Re: [ANNOUNCE] PUCK Notes - 2024.04.03 - TDX Upstreaming Strategy

From: Xiaoyao Li
Date: Fri Apr 12 2024 - 04:40:56 EST


On 4/12/2024 2:52 AM, Edgecombe, Rick P wrote:
On Thu, 2024-04-11 at 08:26 -0700, Sean Christopherson wrote:
On Thu, Apr 11, 2024, Xiaoyao Li wrote:
flexible (configurable) bits is known to VMM (KVM and userspace) because TDX
module has interface to report them. So we can treat a bit as fixed if it is
not reported in the flexible group. (of course the dynamic bits are special
and excluded.)

Does that interface reported the fixed _values_?

So backing up a bit to the problem statement. I think there are two related
requirements. (please correct)

The first is a simple functional one. KVM is involved in virtualizing TD
behavior. If enables various logic based on its knowledge of a vCPU’s CPUID
state. Some of this logic is necessary for TDX. It can end up engaging logic for
at least:
X86_FEATURE_X2APIC
X86_FEATURE_XSAVE
X86_FEATURE_SMEP
X86_FEATURE_SMAP
X86_FEATURE_FSGBASE
X86_FEATURE_PKU
X86_FEATURE_LA57
TDX pieces need for some of these bits to get set in the vCPU or KVM’s part of
the necessary virtualization wont function.

The second issue is that userspace can’t know what CPUID values are configured
in the TD. In the existing API for normal guests, it knows because it tells the
guest what CPUID values to have.
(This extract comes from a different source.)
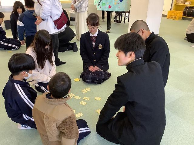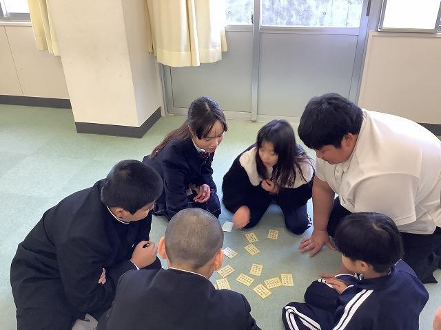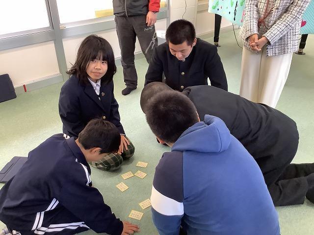 児童生徒集会があり縦割り班で五色百人一首大会です。今回は黄色です。五色百人一首って取り札の裏に、百人一首が書かれているのですね。知っている人は、並べた段階でチラリと予習?準備?していました。

But for the TDX module that model is
complicated to fit into in its API where you tell it some things and it gives
you the resulting leaves. How to handle KVM_SET_CPUID kind of follows from this
issue.

One option is to demand the TDX module change to be able to efficiently wedge
into KVM’s exiting “tell” model. This looks like the metadata API to query the
fixed bits. Then userspace can know what bits it has to set, and call
KVM_SET_CPUID with them. I think it is still kind of awkward. "Tell me what you
want to hear?", "Ok here it is".

Another option would be to add TDX specific KVM APIs that work for the TDX
module's “ask” model, and meet the enumerated two goals. It could look something
like:
1. KVM_TDX_GET_CONFIG_CPUID provides a list of directly configurable bits by
KVM. This is based on static data on what KVM supports, with sanity check of
TD_SYSINFO.CPUID_CONFIG[]. Bits that KVM doesn’t know about, but are returned as
configurable by TD_SYSINFO.CPUID_CONFIG[] are not exposed as configurable. (they
will be set to 1 by KVM, per the recommendation)
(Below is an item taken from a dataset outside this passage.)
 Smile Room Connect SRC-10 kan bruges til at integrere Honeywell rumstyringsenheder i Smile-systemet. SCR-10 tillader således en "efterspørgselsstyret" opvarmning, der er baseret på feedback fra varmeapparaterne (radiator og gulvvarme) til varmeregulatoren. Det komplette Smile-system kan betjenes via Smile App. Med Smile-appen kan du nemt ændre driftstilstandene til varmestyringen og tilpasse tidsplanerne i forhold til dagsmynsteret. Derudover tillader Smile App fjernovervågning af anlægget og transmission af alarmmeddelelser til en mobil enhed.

This is not how KVM works. KVM will never enable unknown features blindly. If the feature is unknown to KVM, it cannot be enable for guest. That's why every new feature needs enabling patch in KVM, even the simplest case that needs one patch to enumerate the CPUID of new instruction in KVM_GET_SUPPORTED_CPUID.
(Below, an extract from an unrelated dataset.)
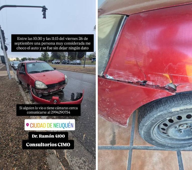 En diálogo con LMNeuquén, contó que su madre bajó a los consultorios CIMO Salud por un turno de kinesiología y, al regresar, encontró el paragolpes totalmente desprendido en el piso. "En realidad, cuando vuelve, se sube el auto y no se dio cuenta. La gente le avisa que se le había caído todo el paragolpe. Es decir, al llegar ya estaba en el piso como en la foto y empezamos a preguntar", dijo Berrogain.

2. KVM_TDX_INIT_VM is passed userspaces choice of configurable bits, along with
XFAM and ATTRIBUTES as dedicated fields. They go into TDH.MNG.INIT.
3. KVM_TDX_INIT_VCPU_CPUID takes a list of CPUID leafs. It pulls the CPUID bits
actually configured in the TD for these leafs. They go into the struct kvm_vcpu,
and are also passed up to userspace so everyone knows what actually got
configured.

KVM_SET_CPUID is not used for TDX.

Then we get TDX module folks to commit to never breaking KVM/userspace that
follows this logic. One thing still missing is how to handle unknown future
leafs with fixed bits. If a future leaf is defined and gets fixed 1, QEMU
wouldn't know to query it.

We can make KVM_TDX_INIT_VCPU_CPUID provide a large enough CPUID leafs and KVM reports every leafs to userpsace. Instead of something that userspace cares leafs X,Y,Z and KVM only reports back leafs X,Y,Z via KVM_TDX_INIT_VCPU_CPUID.

We might need to ask for some TDX module guarantees
around that. It might already be the expectation though, based on the
description of how to handle unknown configurable bits.

Xiaoyao, would it work for userspace?

As I see, userspace has to be enlightened to run TDX. So whatever interface KVM defines for TDX, userspace has to adjust itself to work with it.

So my personal answer is yes. But only personal.